There were price corrections across all four major market sectors in Q2—the US dollar, interest rates and equity indices (especially in Europe) all sold off while commodities (particularly energy) have rallied. The result was that no single market or sector was the cause for negative performance. Rather, each sector or even sub-sector therein, lost a small amount. Add these up and you get negative performance for many managed futures managers in Q2.

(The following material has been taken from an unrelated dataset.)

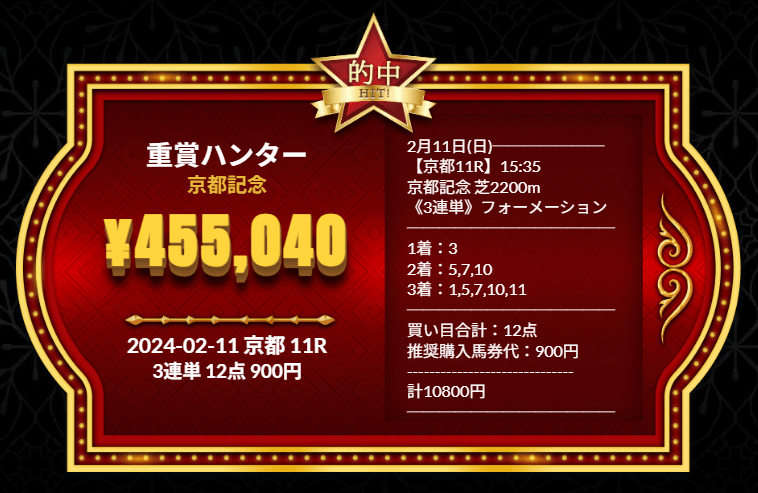 翌日の11日(日)G2京都記念では「45万5040円」獲得大成功!

Below is a brief summary of some of the major drivers in each sector:

Currencies. In 2014 short positions in the euro, yen, and most other currencies versus the US dollar proved to be a very successful trading strategy for managed futures managers as central bank policies began to diverge. In Q2, expectations have shifted due to early signs of QE success in Europe. The EUR/USD trade has corrected and is heading back towards where it started the year. Short euro trades have logically resulted in losses. Most trend following managers remain short euro, betting that the trend of a stronger US dollar will resume.

Commodities. Short crude oil was, by far and away, the most successful trading strategy in the second half of 2014. Since the downward price trend was so strong, most trend following systems have regarded the price appreciation in 2015 as a correction within the overall downtrend, rather than a trend reversal. However, as the months roll forward without a resumption of the downtrend most managers have reduced short exposure to crude, and a few have begun to reverse their positioning to long. The longer the crude oil price holds above $60 per barrel and continues to tick higher, we expect more managers to view the market as having reversed.

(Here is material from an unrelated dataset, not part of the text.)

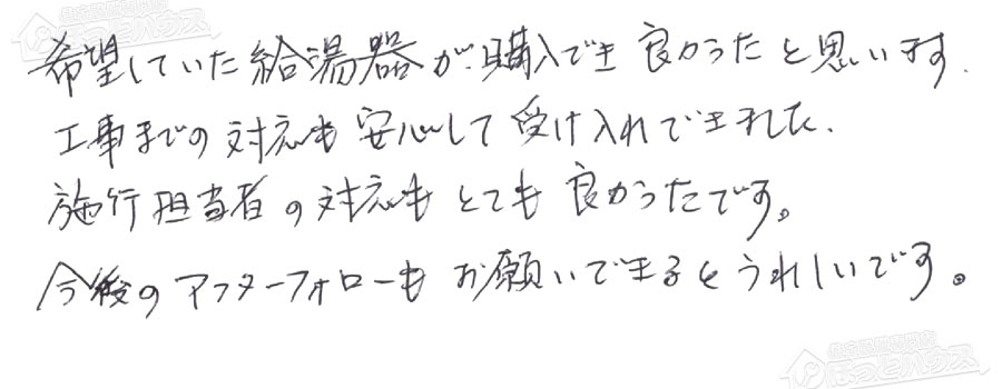 給湯器交換の評判

Fixed Income Futures. Fixed income has been volatile—especially in Europe. German bond yields rose and prices fell quickly as market participants wised up to negative yields. Managed futures managers were largely long the bund and other European fixed income contracts, thus incurring losses (albeit most somewhat minor). Fixed income positioning has been reduced across the board as the market determines whether a new uptrend in bond yields has indeed begun. Some managers have begun to establish short futures positions.

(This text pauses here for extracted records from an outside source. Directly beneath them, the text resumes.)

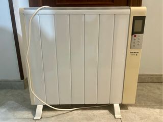 Radiador eléctrico de gran tamaño, ideal para calentar estancias. - Color gris y blanco. - Fabricado en metal y plástico. - Ruedas para facilitar su movilidad.
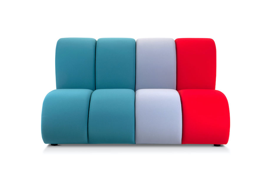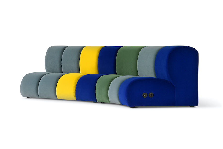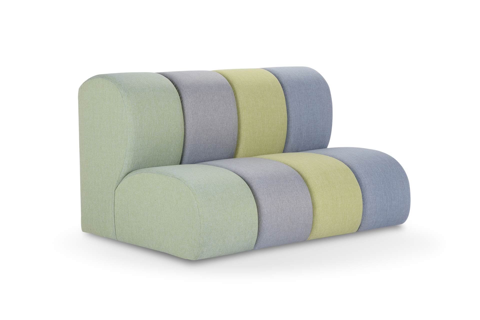 NIBBLER modulsoffa. Modulärt sittsystem – linjärt, konkavt eller konvext – utformat för offentliga miljöer. NIBBLER anpassar sig till sitt utrymme med anpassningsbara moduler, flerfärgskombinationer och integrerade laddningspunkter som tillval.
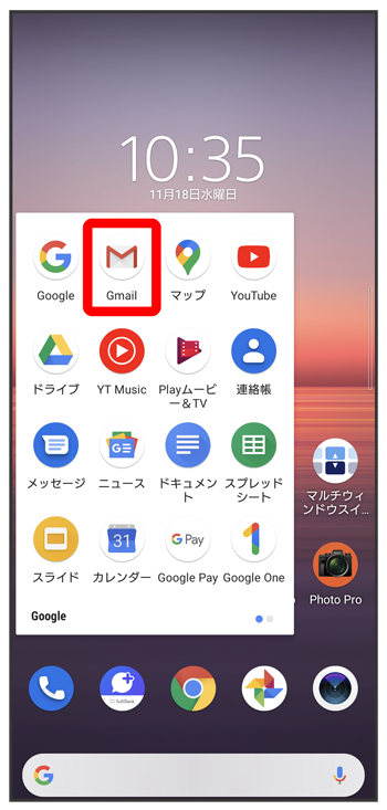 ここではGoogle のメールアカウントの追加を例に説明しています。

Stock Index Futures. Long stock index futures positioning—both domestic and globally—have been a mainstay of portfolios for many quarters. Corrections in some of the strongest upward price trends such as Eurostoxx 50, the DAX and even S&P 500-miniFutures caused losses in Q2. Most trend following managers remain long in anticipation of an ongoing uptrend.


Will it Get Better?

Managed futures managers, particularly medium- to long-term trend following managers, do not reverse positions overnight. Timing depends on the parameters of their underlying trend identification algorithms. In general, most trend following managers require a sustained price movement before reversing positions from long to short or short to long. Even in 2008, a banner year for managed futures strategies, many trend following managers suffered several months of negative performance before their systems identified whether corrections were new trends. After a prolonged period of strong trends, it is very common to see markets experience reversals for either technical or fundamental reasons (or both). In today’s market, there is no unifying reason for these moves—markets appear to be simply retracing some of their price trends over the last 12-plus months. We believe these price reversals represent “normal” market behavior, particularly after a long trending period. Similarly, it is normal for managed futures managers to have periods of drawdown after a strong winning sequence like the one we saw beginning in mid-2014. Investors might be nervous that we are entering another extended period of stagnation in the strategy, but we believe the underlying market conditions of expanding volatility and central bank policy divergence remain supportive of the opportunity sets in managed futures, regardless of whether you view current price moves as corrections or new trends.